Every column represents one channel:

  1. time (sec)
  2. raw EEG (V)
  3. filtered EEG with mains and DC removed (V)
  4. delta band, below 4Hz (V)
  5. theta band, 4-8Hz (V)
  6. alpha band, 8-13Hz (V)
  7. beta band, 13-30Hz (V)
  8. gamma band, above 30Hz (V)

These files can directly be loaded into Python (csv.reader or numpy.loadtxt), Octave and MATLAB(tm).

The bands are created by 2nd order low- and highpass Butterworth filters.

How to install

Install AttysEEG from google play:

You can also install from source by compiling it with Android Studio.

Python

Process your data with Python straight away

Generally, all Attys apps (AttysScope, AttysECG and AttysEEG) export the data in a Python compatible format so that you can load the data directly into two dimensional arrays. All data is exported as tab separated data which is supported by both python’s CSV reader and numpy’s loadtxt command. This example code loads an ECG file recorded with AttysECG and plots it:


import numpy as np
import pylab as pl
#
data = np.loadtxt('demo_ecg.tsv');
#
pl.plot(data[0:1000,0],data[0:1000,2]);
pl.xlabel('time/sec');
pl.ylabel('II/V');
pl.show();

Both numpy and pylab are feature rich libraries which allow you to do signal processing and analysis of your data.

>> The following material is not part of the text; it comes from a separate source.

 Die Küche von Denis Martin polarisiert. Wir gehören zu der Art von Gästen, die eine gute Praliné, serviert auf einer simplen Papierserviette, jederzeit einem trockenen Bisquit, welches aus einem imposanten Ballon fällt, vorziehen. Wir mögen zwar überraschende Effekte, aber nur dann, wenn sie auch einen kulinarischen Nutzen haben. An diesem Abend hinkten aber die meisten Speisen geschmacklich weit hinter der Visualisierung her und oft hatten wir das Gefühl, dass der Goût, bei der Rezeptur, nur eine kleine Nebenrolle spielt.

Check out github for examples.

Do realtime processing of the incoming Attys Data with Python

We have Python scripts on github which demonstrate how to read data directly from the Attys. The one script asks the Attys to transmit the data in the form of comma separated values (CSV) and the other script as BASE64 (recommended for 250Hz).

OCTAVE

OCTAVE allows you to filter, plot and post-process the data you’ve recorded with the Attys.

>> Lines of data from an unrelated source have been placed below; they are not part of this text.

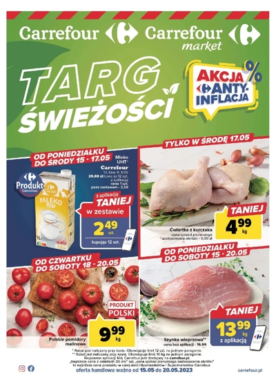 {loadposition linkCarrefour} 'Targ świeżości. Akcja anty-inflacja' - nowa gazetka promocyjna sieci marketów Carrefour. Polecane promocje z gazetki Carrefour: Mleko UHT Carrefour 1 L - 2,49 zł*. Ćwiartka z kurczaka 1 kg - 4,99 zł**. Polskie pomidory malinowe 1 kg…
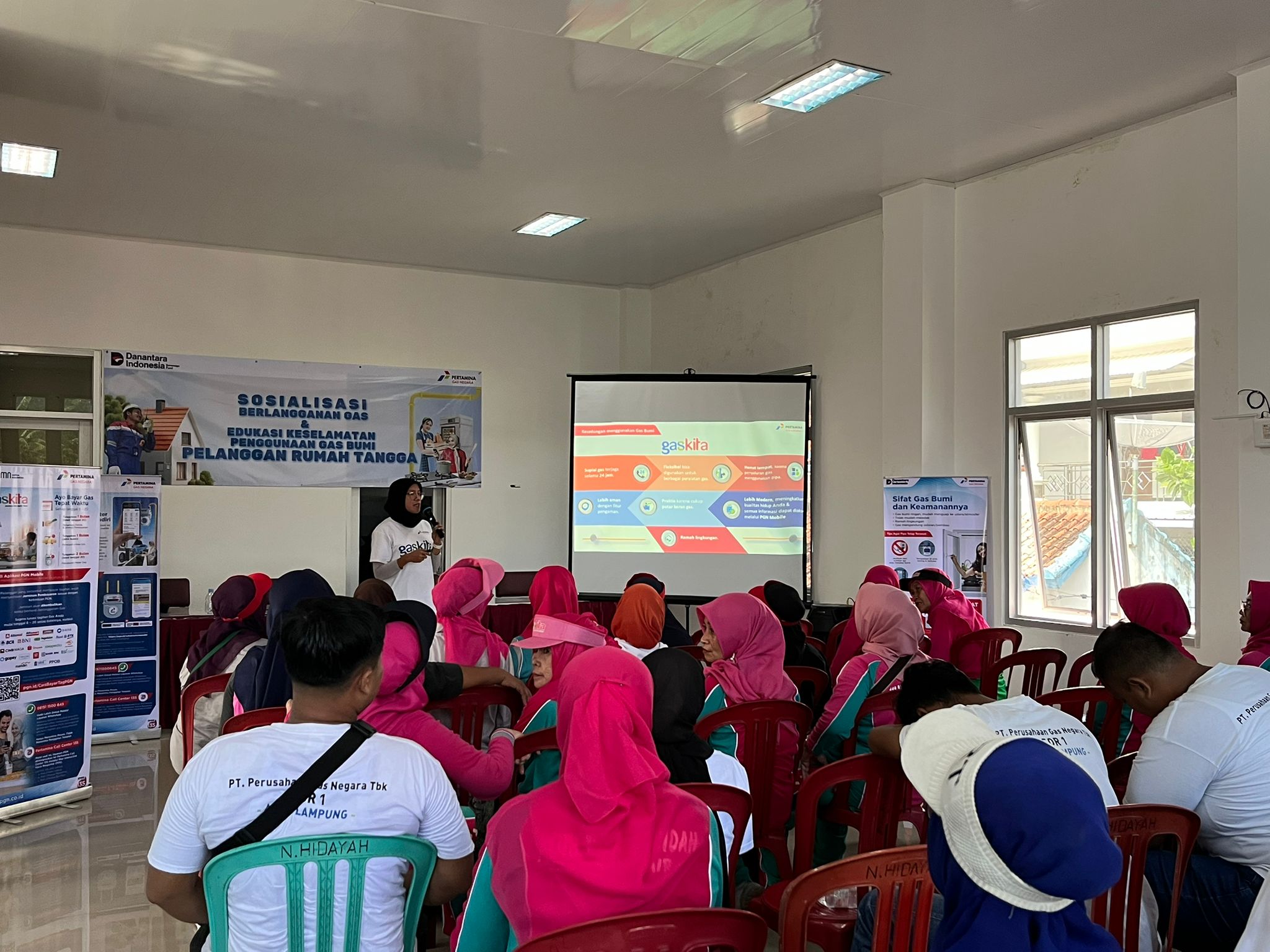 Dalam sesi sosialisasi, tim City Gas Sales PGN Area Lampung memberikan informasi tentang proses pendaftaran layanan gas bumi, tata cara penggunaan gas bumi yang aman, hingga prosedur pelaporan jika terjadi kendala.
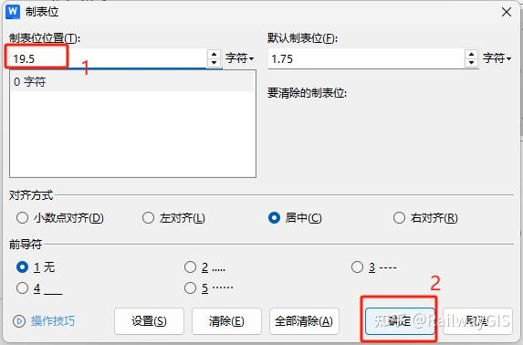 3.2 按图3-1所示操作再次进入制表位设置界面,设置居中制表位,字符19.5,然后点确定
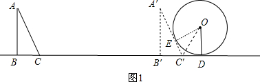 分析:(1)先根据含30度的直角三角形三边的关系得到∠A=30°,∠ACB=60°,作OD⊥直线BC,则OD=1,当△ABC的边AC与圆第一次相切时,如图1,△ABC平移到△A′B′C′的位置,A′C′与⊙O相切,作OE⊥A′C′,连接OC′,根据切线长定理得到∠OC′D=60°,在Rt△ODC′中计算出C′D=
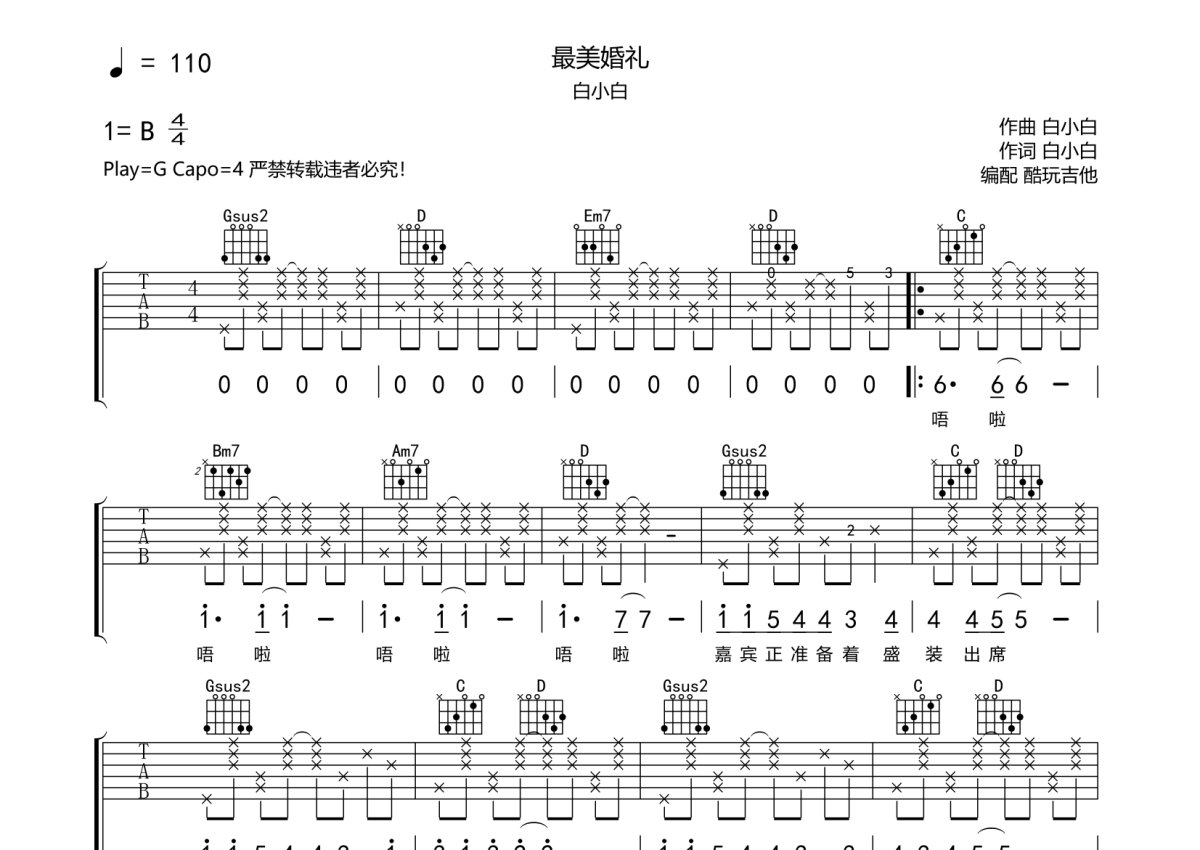 白小白《最美婚礼》吉他谱 - G调弹唱六线谱
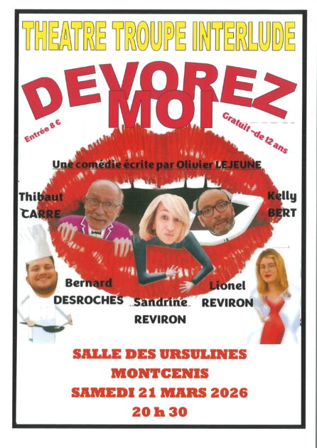 La troupe Interlude présente sa nouvelle pièce de théâtre “Dévorez-moi” d’Olivier Lejeune. Cette pièce sera jouée à la Salle des Ursulines à Montcenis. L’histoire tourne autour d’un grand chef de cuisine, d’une femme troublante et d’un rédacteur en chef d’un grand guide. Sur fond de vengeance, chantage et plat gastronomique hors normes. Venez nombreux !!!
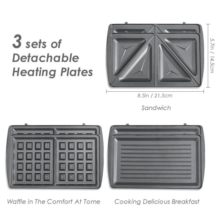 Máy nướng 3 trong 1 Máy làm bánh 3 trong 1 Tiross TS513 với 3 loại vỉ nướng đi kèm, bạn có thể làm các loại bánh khác nhau như bánh sandwich, bánh waffle, bánh
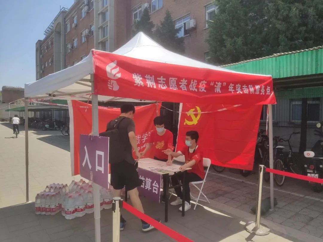 未央书院的环建11班以党课小组的形式集体参加了战疫“清”年突击队,由15人组成的团队“包场”了紫荆核酸检测点一上午的志愿工作。环建环11党课小组在之前的党史学习的活动中,充分探讨过党的“为人民服务”的宗旨,战疫“清”年突击队则为他们提供了一个把这些理念真正落实到行动中去的机会。“我们希望积极分子能够发挥榜样带头作用,大家一起来为学校的抗疫工作做一些贡献。”环建11的党课小组长何天怡说。
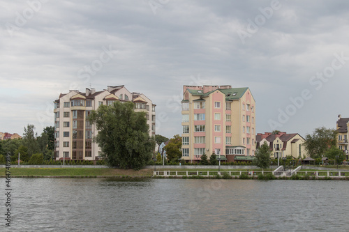 © daisy_y, Fototapeta premium Exterior of a residential building near upper lake, Kaliningrad, Russia.
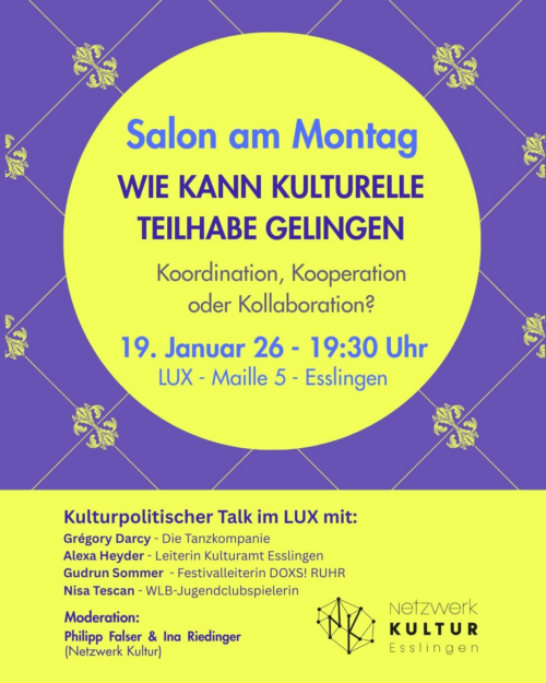 19.01., 19:30 Uhr Salon am Montag: Wie kann kulturelle Teilhabe gelingen
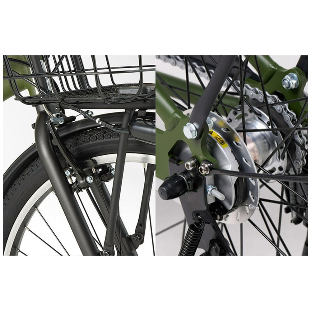 フロントにはスポーツ自転車で多く使用されるVブレーキ、リヤは大型のフィン付ローラーブレーキを採用。
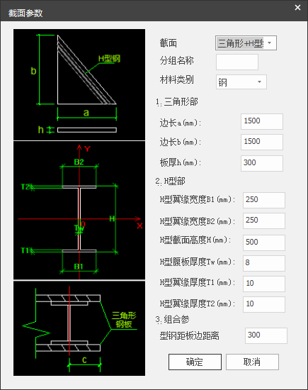 单击【增加】按钮,弹出【截面参数】对话框,用户可对板撑截面类型(三角形如图 2.7-28、三角形+H型钢组合如图 2.7-29)、分组名称、材料类别(混凝土、钢)、以及截面尺寸进行定义。完成后单击【确定】按钮,板撑参数自动添加到截面列表中;点击【取消】,退出本次交互。

Loading tab separated data in a matrix

With the command

load mysignal.tsv

you load the TSV file into the matrix ‘mysignal’. The different channels are now in the different columns of the matrix. Every row contains the samples from one moment in time.

Extracting one channel

Let’s extract the analogue channel which is in column 8:

y=mysignal(:,8);

This command stores channel one in the vector ‘y’.

Plotting the channel

Use use the ‘plot’ command to create a graph of the signal:

plot(y)

The plot command can also plot time against data so if you extract the time t=mysignal(:,1); as well then you can plot your data against the timestamps:

plot(t,y);

Filtering of the signal

With just three commands one can filter the signal. For example, a lowpass filter at cutoff frequency 10Hz can be set up with these commands:

pkg load signal
[b,a]=butter(4,10/250*2); % filter coefficients
y2=filter(b,a,y); % filter the signal

This sets up a 4th order Butterworth lowpass filter with a cutoff frequency of 10Hz where the sampling rate of the Attys has been at 250Hz. Type ‘help butter’ how to set up other filters.

GNUPLOT

GNUPLOT is a plot program which can read the Attys data files straight away. It uses simple text commands to plot the data. It’s available for a myriad of different platforms, for example for Windows, MAC, Linux and Android.

Plotting

The plot command is central in gnuplot: plot "mysignal.tsv" using 1:8 with lines

The ‘using’ keyword selects the columns (here 1 against 8) and ‘with lines’ tells gnuplot to join the datapoints with lines.

Saving the plot as a graphics file

gnuplot can save in many different formats. As an example let’s say we’d like to export the plot as a PNG image for a web page:

set term png
set output "channel1.png"
replot
which replots the last plot but into the PNG image ‘channel1.png’.